This is an implementation of VarOpt, an unbiased weighted sampling algorithm described in the paper Stream sampling for variance-optimal estimation of subset sums (2008) by Edith Cohen, Nick Duffield, Haim Kaplan, Carsten Lund, and Mikkel Thorup.
VarOpt is a reservoir-type sampler that maintains a fixed-size sample and provides a mechanism for merging unequal-weight samples.
This repository also includes a simple reservoir sampling algorithm, often useful in conjunction with weighed reservoir sampling, that implements Algorithm R from Random sampling with a reservoir (1985) by Jeffrey Vitter.
A typical use of VarOpt sampling is to estimate network flows using sample packets. In this use-case, the weight applied to each sample is the size of the packet. Because VarOpt computes an unbiased sample, sample data points can be summarized along secondary dimensions. For example, we can select a subset of sampled packets according to a secondary attribute, sum the sample weights, and the result is expected to equal the size of packets corresponding to the secondary attribute from the original population.

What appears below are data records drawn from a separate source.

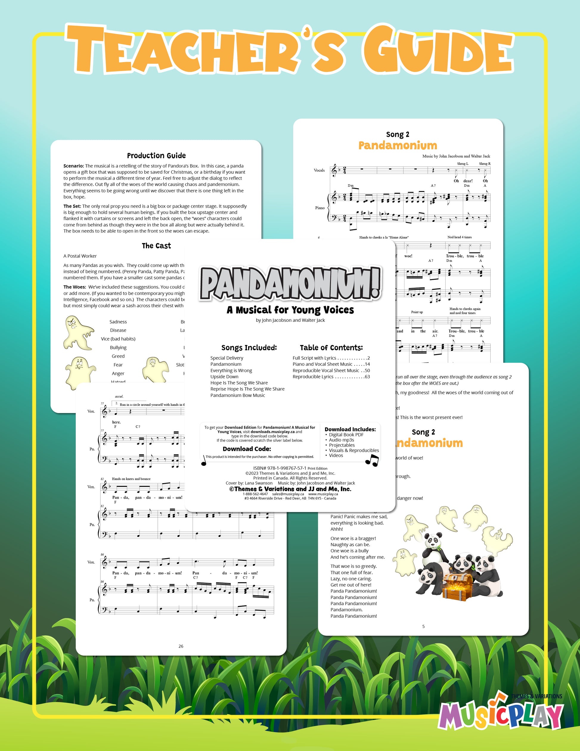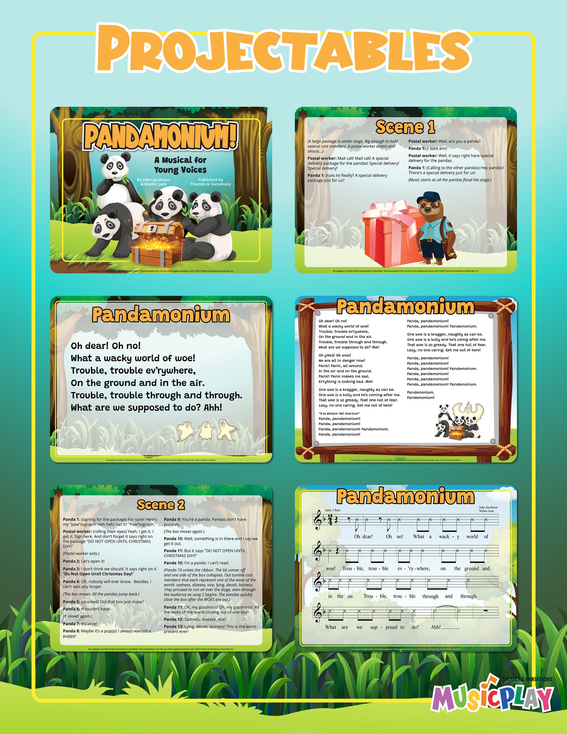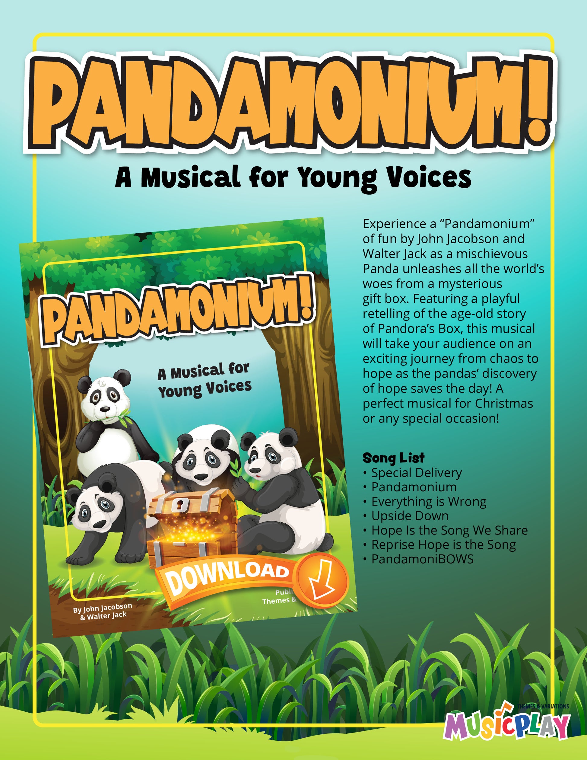 Experience a "Pandamonium" of fun by John Jacobson and Walter Jack as a mischievous Panda unleashes all the world's woes from a mysterious gift box. Featuring a playful retelling of the age-old story of Pandora's Box, this musical will take your audience on an exciting journey from chaos to hope as the pandas’ discovery of hope saves the day! A perfect musical for Christmas or any special occasion!
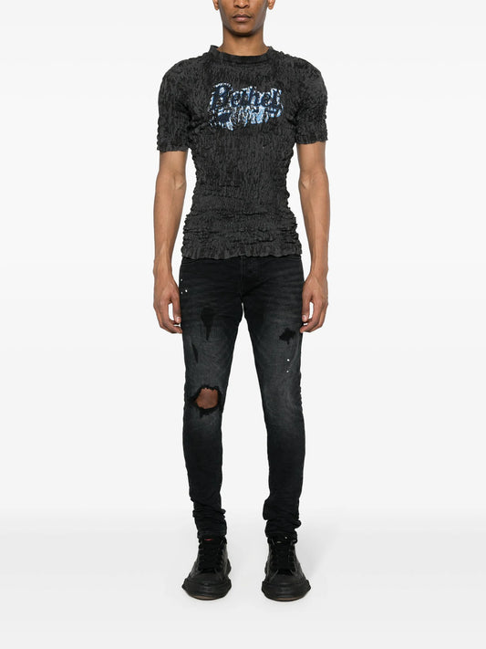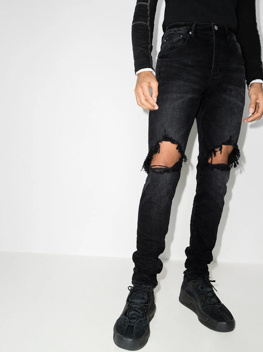 low-rise "Black Wash Blowout" slim jeans
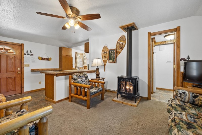 Two bedroom cottage has a queen bed in each bedroom and a futon sleeper in the living room. Tastefully furnished in lodge log decor with a free standing gas fireplace stove in the living room. Full bathroom with shower only. Through the wall air conditioning, cable TV, and wifi for your comfort and relaxation. All bedding, linens, and towels are provided. The full size kitchen comes with a stove/range, refrigerator, microwave, coffee maker, and toaster. It is equipped for basic cooking and eating. Outside on the patio is a gas grill, picnic table, and patio chairs for your evening bar-b-q. The cottages set in a park like setting with mature trees, and lots of lush lawn. Just a short walk to the paved bike path or to the lake for some recreation.
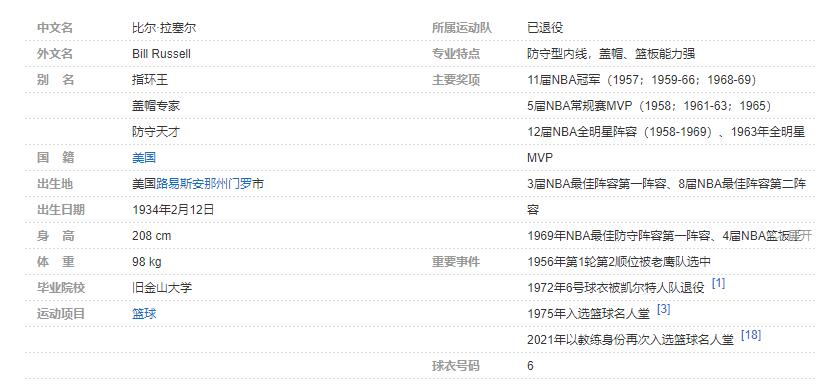 比尔·拉塞尔(Bill Russell),1934年2月12日出生于美国路易斯安那州门罗市,前美国职业篮球运动员、教练员,司职中锋,因其球员生涯获得11枚NBA总冠军戒指而绰号“指环王”,是20世纪60年代波士顿
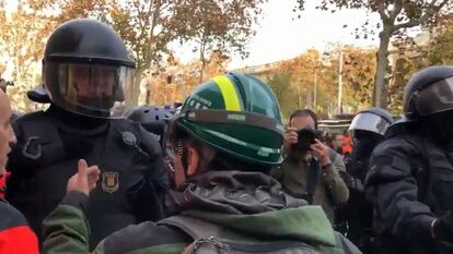 Mientras el cordón policial iba avanzando, el antidisturbios de los Mossos pide al manifestante que se interponía en su camino, un agentes rural vestido de uniforme, que si es funcionario como él le defienda, en vez de poner obstáculos a su labor.
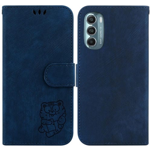 Funda para Motorola Moto G Stylus 5G 2022 de Cuero con Relieve Little Tiger (Azul Oscuro)
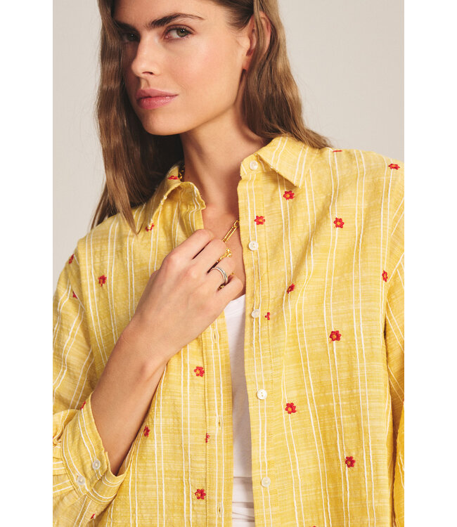 100% cotton embroidered button down blouse
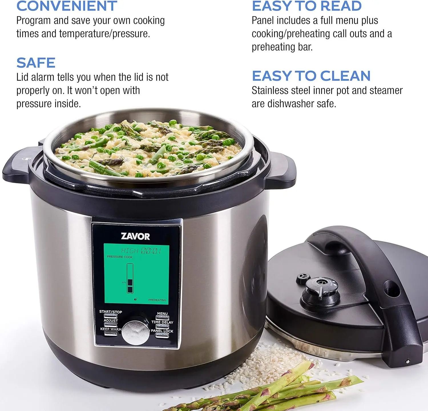 - Featured functions: pressure cook (High and low), slow cook (High and low), steam, brown, flex (that allows to sous vide), simmer, yogurt, grains, eggs, dessert, keep Warm and time delay to program cooking time at your convenience

See weighted_test.go for an example.
Another use for VarOpt sampling uses inverse-probability weights to estimate frequencies while simultaneously controlling sample diversity. Suppose a sequence of observations can be naturally categorized into N different buckets. The goal in this case is to compute a sample where each bucket is well represented, while maintaining frequency estimates.
In this use-case, the weight assigned to each observation is the inverse probability of the bucket it belongs to. The result of weighted sampling with inverse-probability weights is a uniform expectated value; in this example we expect an equal number of observations falling into each bucket. Each observation represents a frequency of its sample weight (computed by VarOpt) divided by its original weight (the inverse-probability).
See frequency_test.go for an example.
VarOpt supports merging independently collected samples one observation at a time. This is useful for building distributed sampling schemes. In this use-case, each node in a distributed system computes a weighted sample. To combine samples, simply input all the observations and their corresponding weights into a new VarOpt sample.